HOW TO COMPLETE THIS TASK:
Would you please set down the data again exactly as given, excluding the pictures?

MATERIAL PROVIDED:
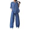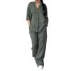Features: The women's casual suit includes a shirt with long sleeves and a single button closure, paired with wide-leg casual pants featuring double side pockets for added convenience. The solid color design exudes simplicity and fashion-forward appeal.
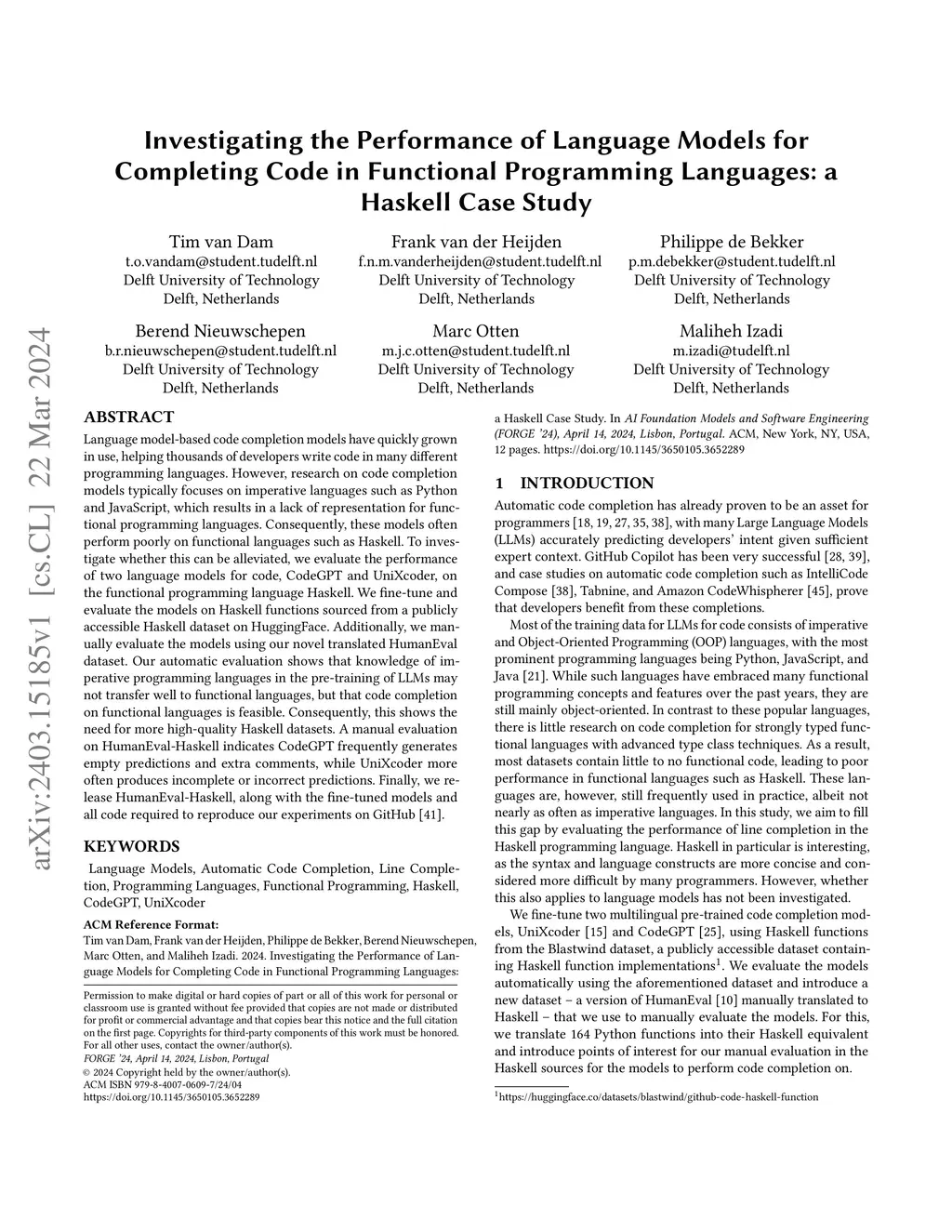 Language model-based code completion models have quickly grown in use, helping thousands of developers write code in many different programming languages. However, research on code completion models typically focuses on imperative languages such as Python and JavaScript, which results in a lack of representation for functional programming languages. Consequently, these models often perform poorly on functional languages such as Haskell. To investigate whether this can be alleviated, we evaluate the performance of two language models for code, CodeGPT and UniXcoder, on the functional programming language Haskell. We fine-tune and evaluate the models on Haskell functions sourced from a publicly accessible Haskell dataset on HuggingFace. Additionally, we manually evaluate the models using our novel translated HumanEval dataset. Our automatic evaluation shows that knowledge of imperative programming languages in the pre-training of LLMs may not transfer well to functional languages, but that code completion on functional languages is feasible. Consequently, this shows the need for more high-quality Haskell datasets. A manual evaluation on HumanEval-Haskell indicates CodeGPT frequently generates empty predictions and extra comments, while UniXcoder more often produces incomplete or incorrect predictions. Finally, we release HumanEval-Haskell, along with the fine-tuned models and all code required to reproduce our experiments on GitHub (https://github.com/AISE-TUDelft/HaskellCCEval).
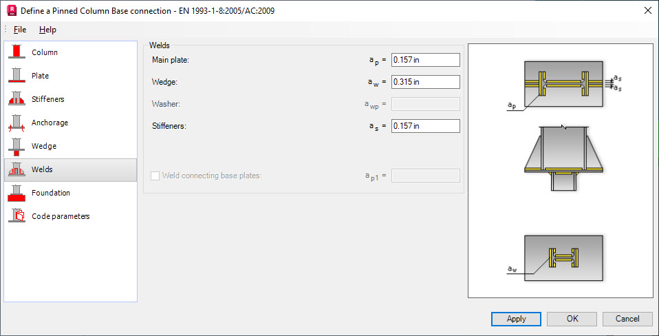 Use the Welds tab to define welds connecting individual elements of the column base (such as main plate, wedge, washer or stiffeners).
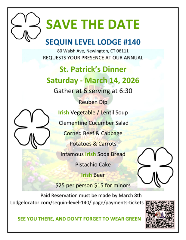 Annual St Partick's Day Dinner - Saturday March 14th, 2026 - $25.00 Donation

RESPONSE TO THE TASK:
Features: The women's casual suit includes a shirt with long sleeves and a single button closure, paired with wide-leg casual pants featuring double side pockets for added convenience. The solid color design exudes simplicity and fashion-forward appeal.
 Language model-based code completion models have quickly grown in use, helping thousands of developers write code in many different programming languages. However, research on code completion models typically focuses on imperative languages such as Python and JavaScript, which results in a lack of representation for functional programming languages. Consequently, these models often perform poorly on functional languages such as Haskell. To investigate whether this can be alleviated, we evaluate the performance of two language models for code, CodeGPT and UniXcoder, on the functional programming language Haskell. We fine-tune and evaluate the models on Haskell functions sourced from a publicly accessible Haskell dataset on HuggingFace. Additionally, we manually evaluate the models using our novel translated HumanEval dataset. Our automatic evaluation shows that knowledge of imperative programming languages in the pre-training of LLMs may not transfer well to functional languages, but that code completion on functional languages is feasible. Consequently, this shows the need for more high-quality Haskell datasets. A manual evaluation on HumanEval-Haskell indicates CodeGPT frequently generates empty predictions and extra comments, while UniXcoder more often produces incomplete or incorrect predictions. Finally, we release HumanEval-Haskell, along with the fine-tuned models and all code required to reproduce our experiments on GitHub (https://github.com/AISE-TUDelft/HaskellCCEval).
 Use the Welds tab to define welds connecting individual elements of the column base (such as main plate, wedge, washer or stiffeners).
 Annual St Partick's Day Dinner - Saturday March 14th, 2026 - $25.00 Donation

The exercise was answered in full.